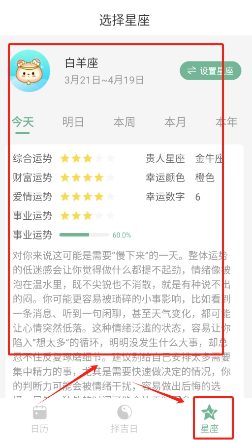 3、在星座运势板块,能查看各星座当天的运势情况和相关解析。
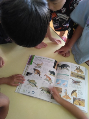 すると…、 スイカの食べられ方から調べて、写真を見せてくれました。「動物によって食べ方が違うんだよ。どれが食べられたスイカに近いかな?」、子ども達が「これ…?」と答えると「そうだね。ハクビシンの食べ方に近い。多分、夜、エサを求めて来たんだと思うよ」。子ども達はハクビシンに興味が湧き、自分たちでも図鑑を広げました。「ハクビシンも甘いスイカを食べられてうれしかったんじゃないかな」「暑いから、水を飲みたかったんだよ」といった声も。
____
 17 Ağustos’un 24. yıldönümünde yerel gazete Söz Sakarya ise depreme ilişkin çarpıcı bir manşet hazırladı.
____
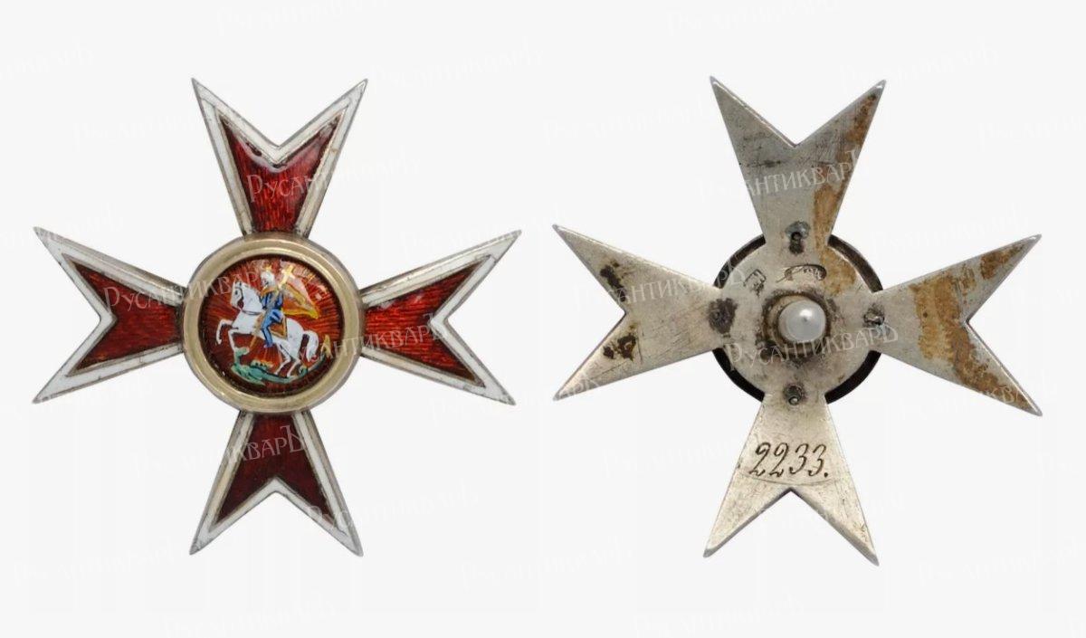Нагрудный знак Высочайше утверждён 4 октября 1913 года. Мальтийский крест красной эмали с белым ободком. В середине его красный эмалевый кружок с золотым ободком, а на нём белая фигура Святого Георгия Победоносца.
____
§ Exercise directions
Output only the lines above from the line that holds "3、在星座运势板块,能查看各星座当天的运势情况和相关解析。" through the line that holds "すると…、 スイカの食べられ", both ends included, and exclude pictures.

§ Solution below
 3、在星座运势板块,能查看各星座当天的运势情况和相关解析。
 すると…、 スイカの食べられ方から調べて、写真を見せてくれました。「動物によって食べ方が違うんだよ。どれが食べられたスイカに近いかな?」、子ども達が「これ…?」と答えると「そうだね。ハクビシンの食べ方に近い。多分、夜、エサを求めて来たんだと思うよ」。子ども達はハクビシンに興味が湧き、自分たちでも図鑑を広げました。「ハクビシンも甘いスイカを食べられてうれしかったんじゃないかな」「暑いから、水を飲みたかったんだよ」といった声も。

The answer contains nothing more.